5. Neural Networks Do It Too

A critic might ask: “Okay, RFMs do this, but do Neural Networks really do the same thing?”

The authors show that yes, they do. They trained standard fully-connected neural networks on the same tasks and analyzed the weights of the first layer. They calculated the Neural Feature Matrix (NFM), which is essentially the covariance of the weights (\(W^T W\)).

According to the Neural Feature Ansatz, this NFM should look like the AGOP.

Neural Feature Ansatz equation stating the proportionality between weights and AGOP.

When they visualized these neural network features, the resemblance was uncanny.

Figure 6. Neural Feature Matrices (NFM) and NN AGOPs showing the same striped patterns as RFM.

Just like the RFM, the Neural Network learns block-circulant features for addition. And just like the RFM, when you reorder the Neural Network’s features for multiplication using the discrete log, the stripes appear.

This confirms that Neural Networks and Recursive Feature Machines are converging to the same algorithmic solution.


6. The Algorithm: Fourier Multiplication

Why do both models converge to these “striped” circulant matrices? What algorithm are they actually implementing?

The paper proposes that the models are learning the Fourier Multiplication Algorithm (FMA).

In signal processing, a fundamental theorem states that convolution in the time domain is equivalent to multiplication in the frequency domain. Circulant matrices are operators that perform circular convolution. By learning these matrices, the models are effectively performing a Discrete Fourier Transform (DFT) on the input data.

The paper proves mathematically that a kernel predictor using these specific circulant features is equivalent to computing the answer via Fourier transforms:

Equation for Fourier Multiplication Algorithm for modular addition.

In simple terms:

  1. The model uses learned features to convert the input numbers into “frequencies” (DFT).
  2. It combines these frequencies (element-wise product).
  3. It converts the result back to get the answer.

This is a highly efficient way to solve modular arithmetic, and both the Kernel Machine and the Neural Network discover it automatically.


7. Validating the Discovery

If the “secret sauce” is simply these circulant features, we should be able to “inject” them into a model and see instant learning.

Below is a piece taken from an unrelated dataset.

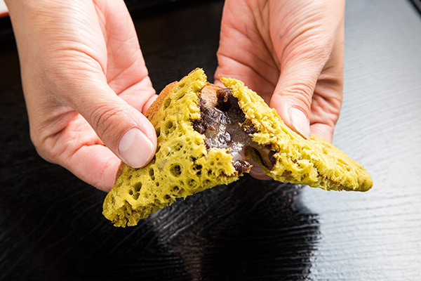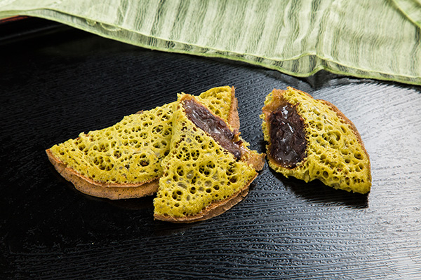 埼玉県産狭山茶を練り込んで焼き上げた生地で「小倉餡」と「求肥もち」をふんわりとつつんだ和菓子です。「狭山茶の香り」、「餡の甘さ」そして「求肥の食感」の三位一体が特徴です。

The researchers tested this hypothesis. They took a standard kernel machine (which usually cannot learn this task) and manually transformed the input data using random circulant matrices. They didn’t even train the features—they just forced the structure.

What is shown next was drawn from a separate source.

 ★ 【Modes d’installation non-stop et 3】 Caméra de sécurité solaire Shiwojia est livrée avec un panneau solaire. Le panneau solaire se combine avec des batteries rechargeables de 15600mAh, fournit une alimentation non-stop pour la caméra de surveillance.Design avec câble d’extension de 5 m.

Figure 4. Random circulant features allow standard kernels to generalize instantly (orange line), beating learned features (green line).

The result (Figure 4, Orange Line) is striking. The model with fixed random circulant features generalizes almost immediately. It doesn’t need to grok. The grokking process we usually see is simply the time it takes for the model to “find” and build these circulant features from scratch. Once the structure is there, the problem is easy.


8. Conclusion and Key Takeaways

This paper offers a refreshing and demystifying look at AI “magic.” Here are the big takeaways for students and researchers:

  1. Grokking isn’t magic: It is a visible side-effect of a model slowly learning the correct features (representation learning) while the readout metric (accuracy) remains insensitive to those partial improvements.
  2. It’s not just Deep Learning: The fact that Kernel Machines (via RFM) exhibit grokking proves that this is a fundamental property of learning from data, not just a quirk of backpropagation or neural architectures.
  3. Structure matters: The models aren’t memorizing answers; they are discovering profound mathematical structures (Fourier transforms, Discrete Logs) to solve the tasks efficiently.
  4. We can measure the invisible: By using better metrics like AGOP alignment or Circulant Deviation, we can see “hidden progress” that standard loss and accuracy curves miss.

By stripping away the complexity of neural networks and using the more interpretable Recursive Feature Machine, these researchers have provided a clear window into how machines learn to reason about abstract mathematics. The “sudden” emergence of intelligence is actually the result of a long, steady, and structured journey.